The same is true in about a third of books written by veterans of the 1948 battles. A survey of “Zionist” memoirs published by 1948 veterans between 1949 and 2004 shows that many writers – for instance, Mula Cohen, Nahum Golan and Moshe Carmel – who formerly expressed a strictly Zionist narrative began to develop the critical narrative toward the end of the 1970s. A similar transformation can be seen among scholarly researchers like Netanel Lorch.
Zehngut’s study shows that significant critical research on the Palestinian exodus was undertaken by Jewish scholars outside Israel in the 1950s, three decades before the emergence of the New Historians. In effect, this early use of the critical narrative led to the declassification of archival materials, the sources that were then used in books by Segev, Morris and others.
The study refutes the widespread claim that until the 1980s the Jewish-Israeli media were entirely beholden to the Zionist narrative. The paper shows that the vast majority of studies recognized that Israel had expelled Palestinians in 1948.

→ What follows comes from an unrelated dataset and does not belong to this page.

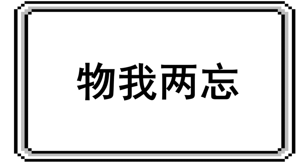 物我两忘(wù wǒ liǎng wàng) 意味:何もかも忘れる デジタル大辞泉によると、物我(もつが)という日本語があり、「外界一切のものと自分」という意味。それを両方忘れるという意味なので、「外界(物)」と「自分(我)」の区別を忘れ、完全に一体とな...

The Education Ministry comes around
Also, in the 1980s, the materials analyzed in Zehngut’s research dealt significantly with the expulsion of Palestinians from villages during the 1967 Six-Day War. The study argues that while the IDF and other state agencies have yet to alter their Zionist view on the Palestinian exodus in 1948, all history textbooks authorized by the Education Ministry since 2000 have replaced the old Zionist narrative with the critical approach.
This is a ground-breaking finding on a change in Israel’s official collective memory. In effect, it’s a rejection of the Zionist narrative that “there was no expulsion in 1948.”
The willingness of key Jewish-Israeli institutions to alter their attitudes on such an important and sensitive issue casts a positive light on Israeli society. It’s a sign of maturity.
A survey by Tel Aviv University researchers in 2008 established that just under half of Israel’s Jewish citizens are willing to abandon the narrative that “the Palestinians fled.” The survey found that those who use the critical approach tend to view the Palestinians more positively. They also tend to be more supportive of peace agreements and vote for center-left parties. So it’s no surprise that the political right wants to erase the Nakba from the collective memory.